(WHAT THIS TASK INVOLVES):
Repeat only the lines below that run from the line with "Casual Top Beige" to the line with "준비 재료: 차가운 하이볼 잔, 돌얼음, 위스키, 탄산수,가니시", ends included; skip every picture.

(MATERIAL SHOWN):

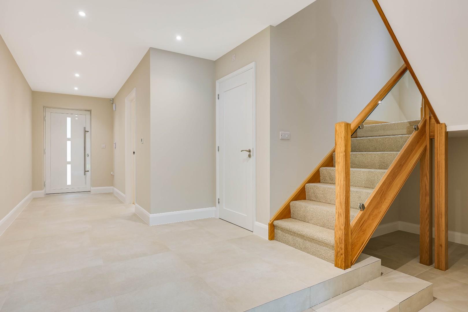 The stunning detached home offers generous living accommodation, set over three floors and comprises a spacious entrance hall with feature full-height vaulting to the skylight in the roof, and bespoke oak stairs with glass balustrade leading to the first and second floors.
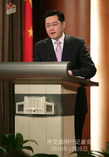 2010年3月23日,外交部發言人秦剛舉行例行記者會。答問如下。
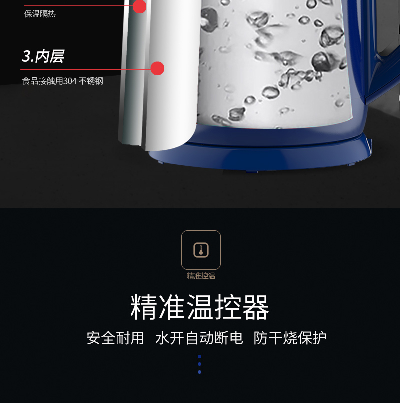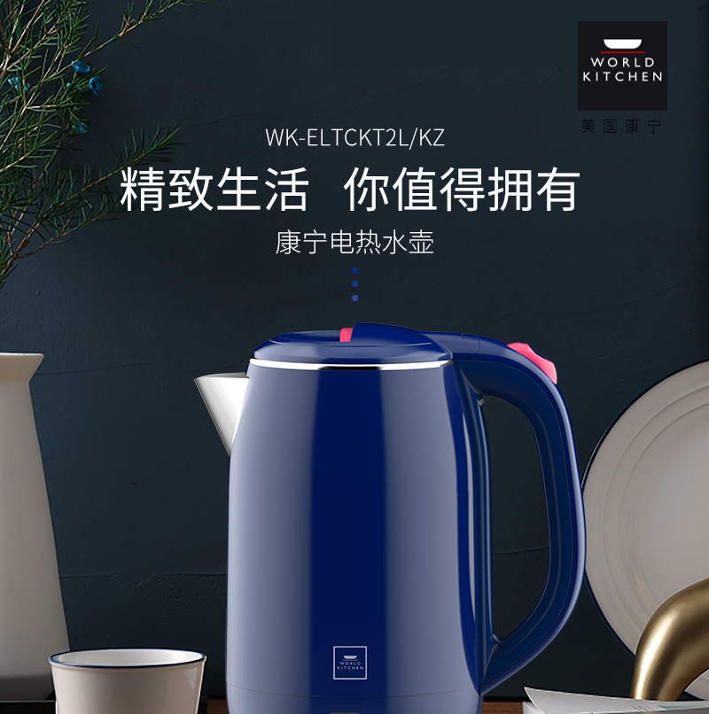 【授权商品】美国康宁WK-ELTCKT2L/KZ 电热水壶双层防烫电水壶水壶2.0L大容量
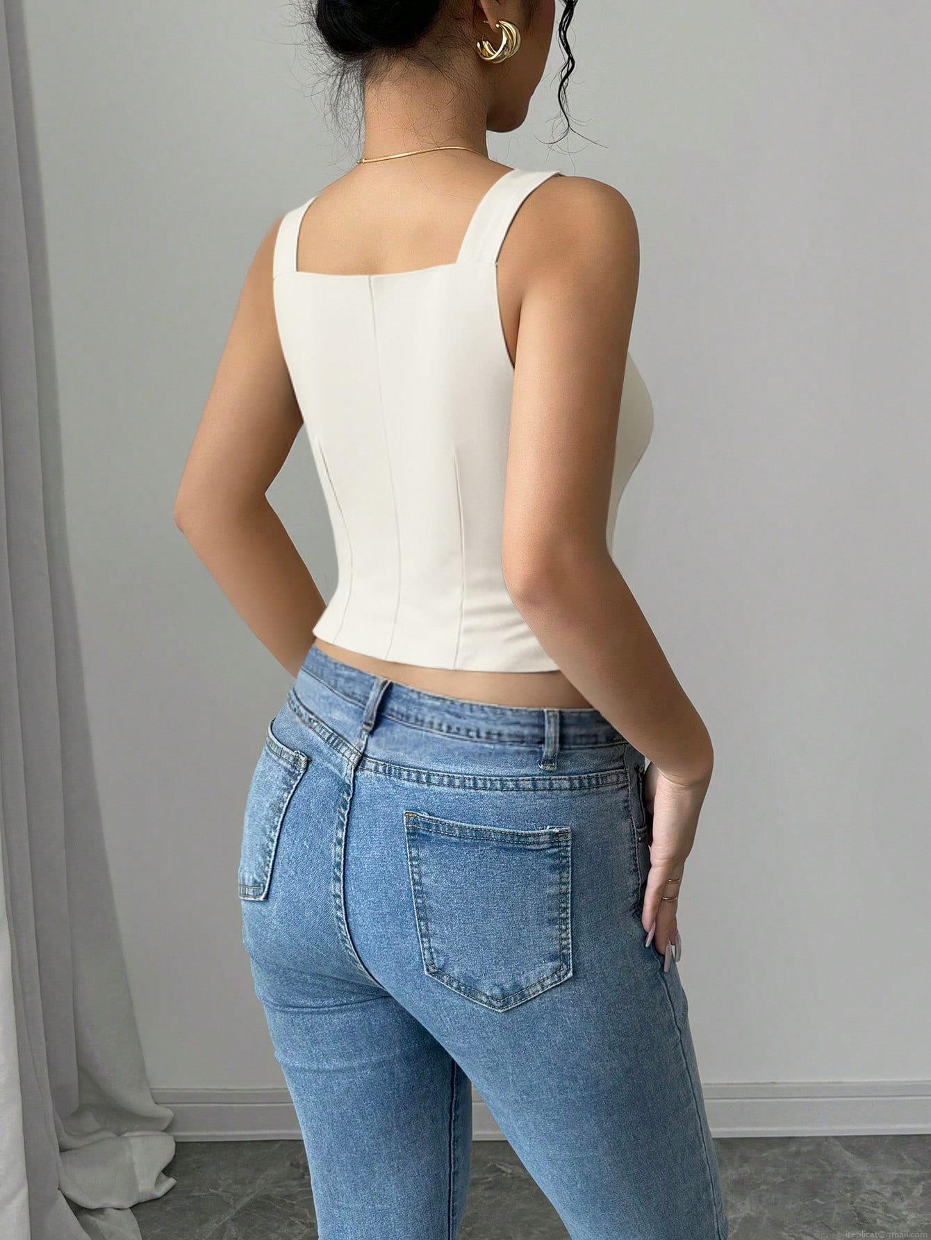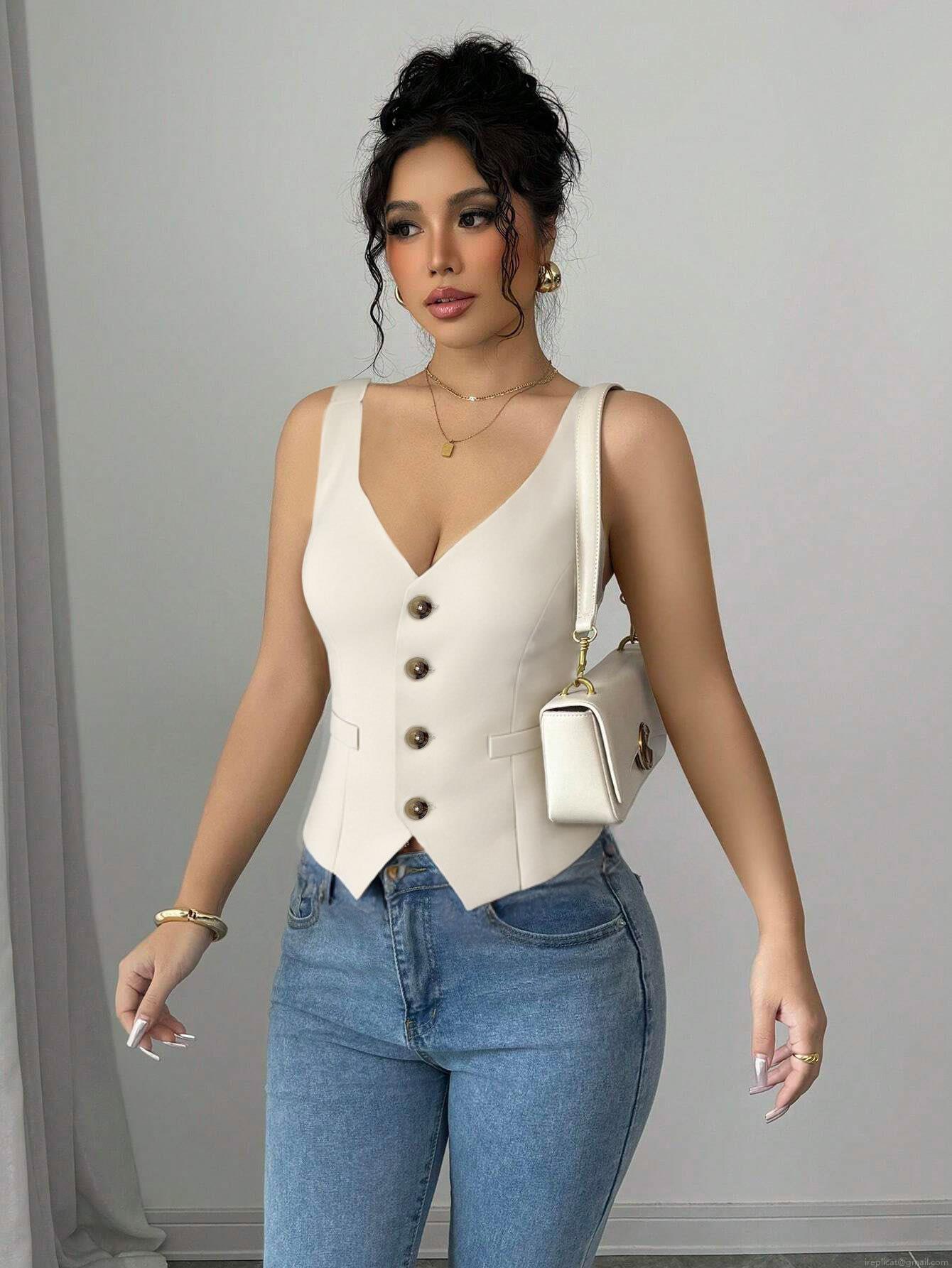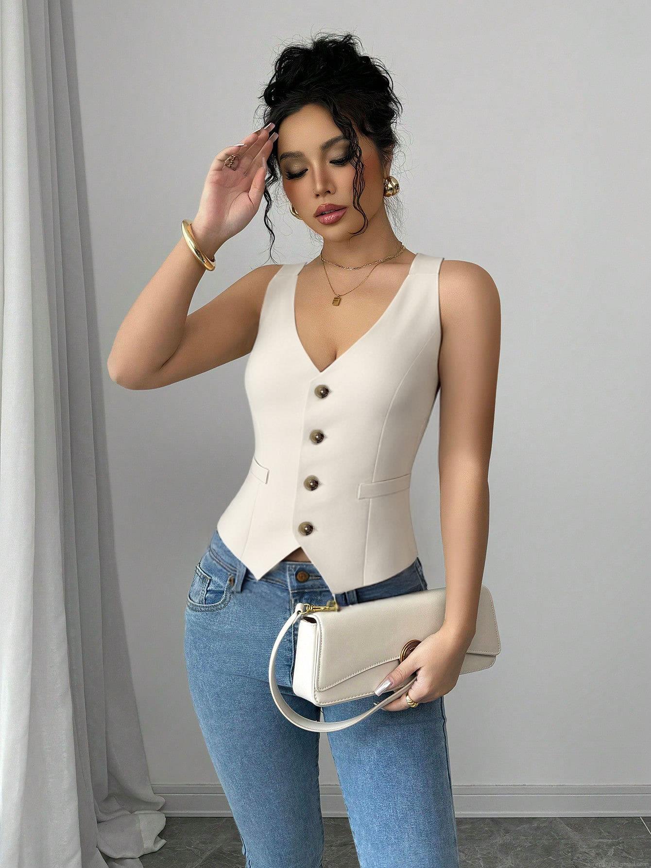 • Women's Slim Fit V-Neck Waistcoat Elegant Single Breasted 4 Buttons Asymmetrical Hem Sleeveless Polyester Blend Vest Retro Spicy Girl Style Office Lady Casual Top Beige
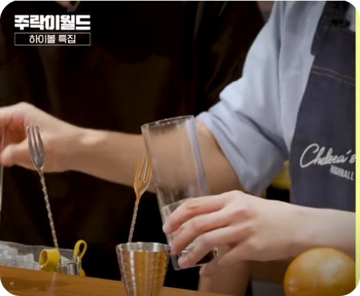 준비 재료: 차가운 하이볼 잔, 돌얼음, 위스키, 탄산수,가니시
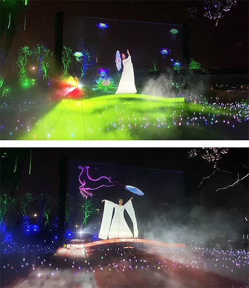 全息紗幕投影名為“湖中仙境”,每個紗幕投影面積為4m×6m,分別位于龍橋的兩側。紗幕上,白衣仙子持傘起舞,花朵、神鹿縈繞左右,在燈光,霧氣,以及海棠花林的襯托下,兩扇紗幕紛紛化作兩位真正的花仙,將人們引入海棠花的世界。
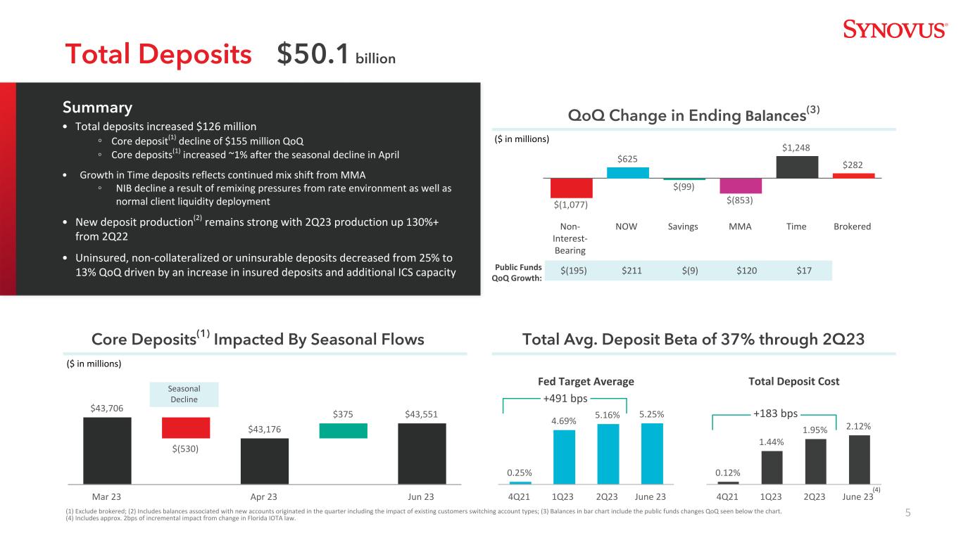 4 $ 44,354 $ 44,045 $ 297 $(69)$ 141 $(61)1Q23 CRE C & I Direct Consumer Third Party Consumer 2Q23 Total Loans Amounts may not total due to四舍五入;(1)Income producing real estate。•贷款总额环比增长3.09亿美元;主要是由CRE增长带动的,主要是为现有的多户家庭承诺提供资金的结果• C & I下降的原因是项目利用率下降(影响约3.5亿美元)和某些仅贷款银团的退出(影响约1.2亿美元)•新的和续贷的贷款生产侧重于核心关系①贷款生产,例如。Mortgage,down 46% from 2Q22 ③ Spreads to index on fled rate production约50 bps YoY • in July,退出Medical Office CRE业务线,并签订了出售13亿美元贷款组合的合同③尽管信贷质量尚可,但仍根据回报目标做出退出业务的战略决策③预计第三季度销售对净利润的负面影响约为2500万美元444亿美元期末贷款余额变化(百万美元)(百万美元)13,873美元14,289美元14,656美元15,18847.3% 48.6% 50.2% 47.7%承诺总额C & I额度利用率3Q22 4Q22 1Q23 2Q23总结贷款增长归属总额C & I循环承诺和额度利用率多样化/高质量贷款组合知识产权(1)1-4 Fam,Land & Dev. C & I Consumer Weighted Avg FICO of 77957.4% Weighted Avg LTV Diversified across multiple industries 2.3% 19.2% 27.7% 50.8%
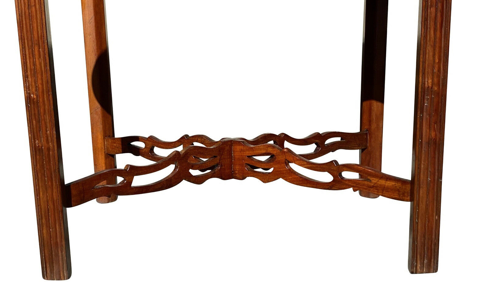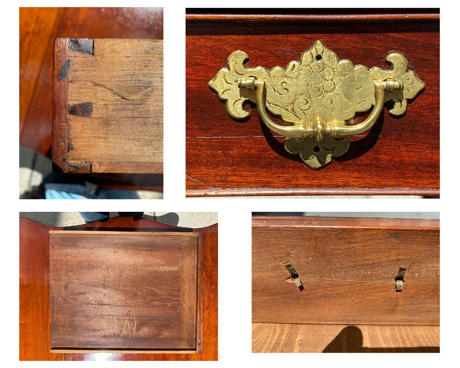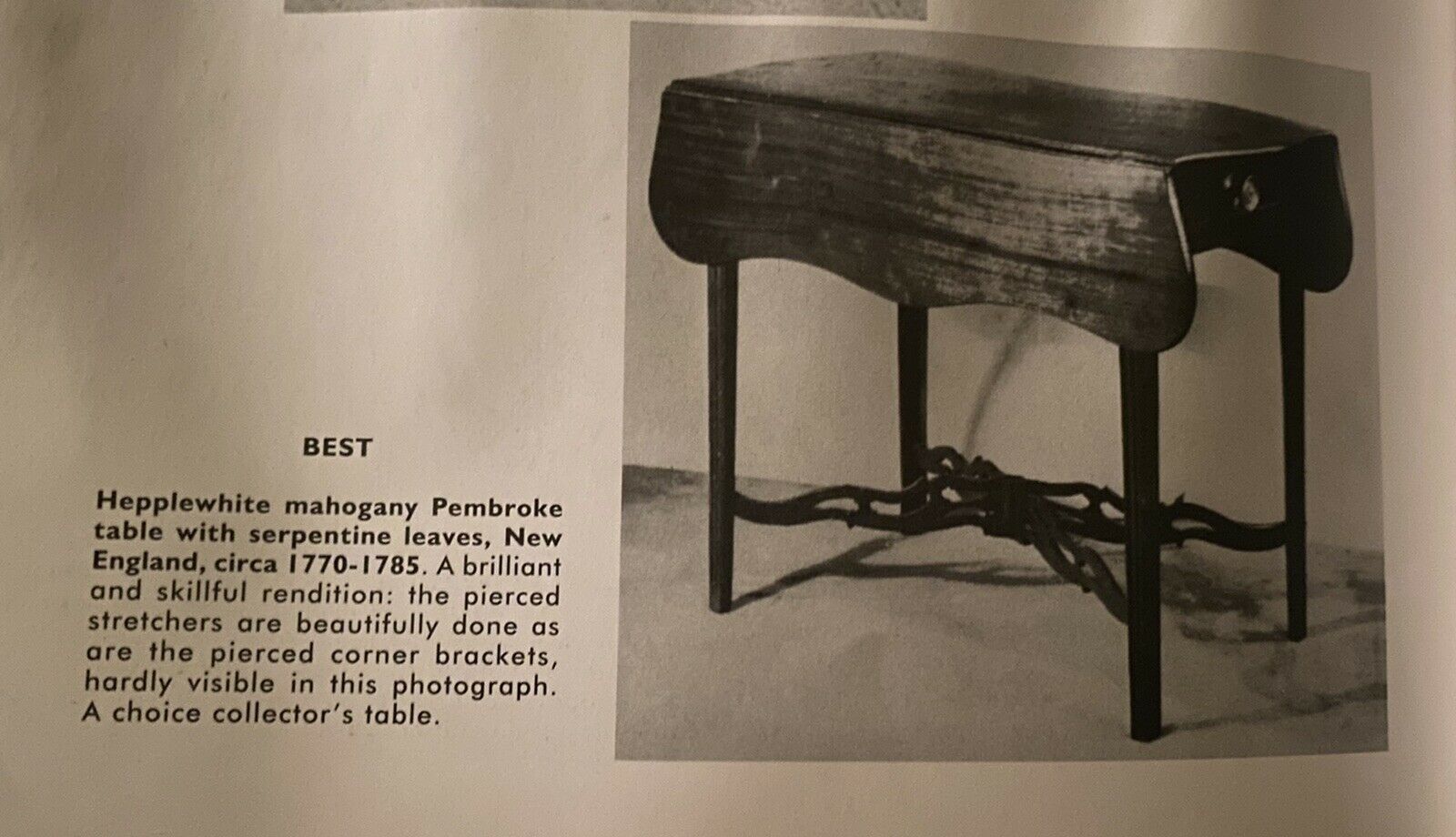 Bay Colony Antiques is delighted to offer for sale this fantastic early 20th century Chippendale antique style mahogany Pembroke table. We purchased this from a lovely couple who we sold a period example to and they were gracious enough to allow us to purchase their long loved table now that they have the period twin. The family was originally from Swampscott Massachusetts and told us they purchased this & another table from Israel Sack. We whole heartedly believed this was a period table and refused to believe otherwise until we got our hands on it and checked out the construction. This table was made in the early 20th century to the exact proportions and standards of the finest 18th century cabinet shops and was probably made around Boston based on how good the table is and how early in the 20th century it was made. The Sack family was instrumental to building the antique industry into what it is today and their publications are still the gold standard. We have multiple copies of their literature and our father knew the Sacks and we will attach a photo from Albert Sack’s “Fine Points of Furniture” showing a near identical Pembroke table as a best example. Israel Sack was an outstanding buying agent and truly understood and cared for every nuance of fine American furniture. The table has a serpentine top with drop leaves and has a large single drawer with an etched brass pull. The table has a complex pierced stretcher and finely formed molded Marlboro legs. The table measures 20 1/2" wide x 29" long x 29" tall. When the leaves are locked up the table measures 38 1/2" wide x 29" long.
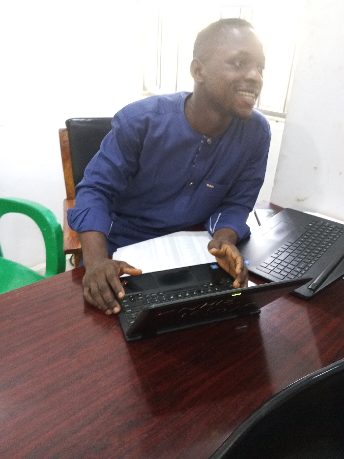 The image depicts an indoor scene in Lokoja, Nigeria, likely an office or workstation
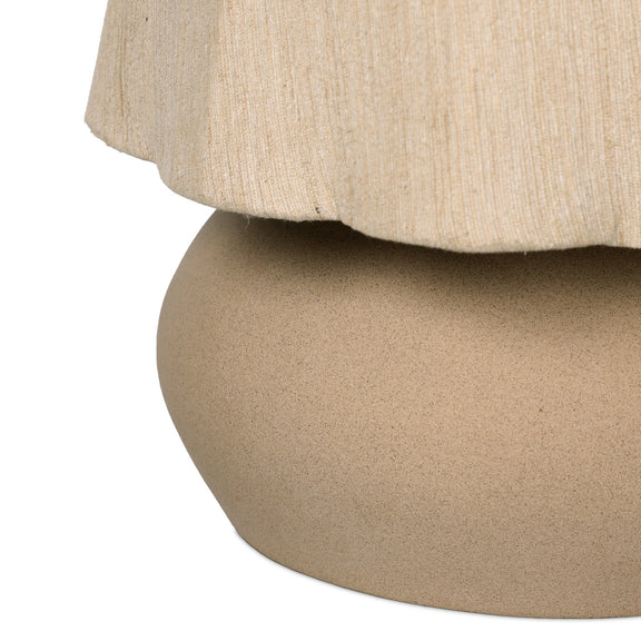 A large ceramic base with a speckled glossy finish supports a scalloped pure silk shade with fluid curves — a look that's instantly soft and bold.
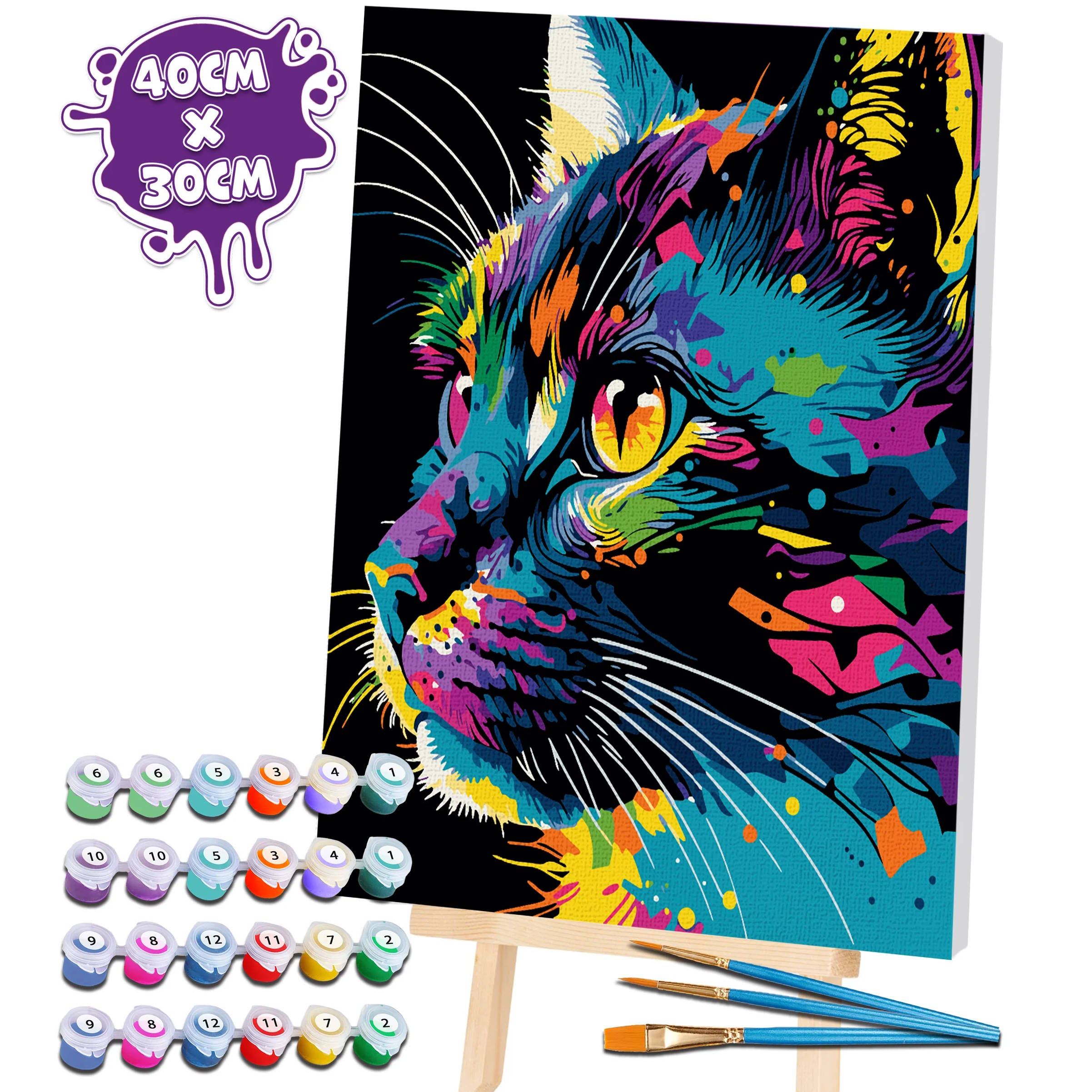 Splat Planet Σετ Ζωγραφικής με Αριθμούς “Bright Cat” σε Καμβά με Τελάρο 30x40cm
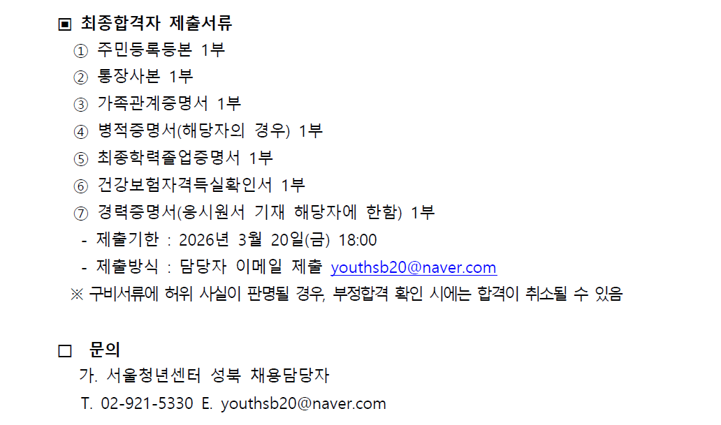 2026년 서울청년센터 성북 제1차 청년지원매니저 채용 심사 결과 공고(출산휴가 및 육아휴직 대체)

(FINISHED TASK):
 • Women's Slim Fit V-Neck Waistcoat Elegant Single Breasted 4 Buttons Asymmetrical Hem Sleeveless Polyester Blend Vest Retro Spicy Girl Style Office Lady Casual Top Beige
 준비 재료: 차가운 하이볼 잔, 돌얼음, 위스키, 탄산수,가니시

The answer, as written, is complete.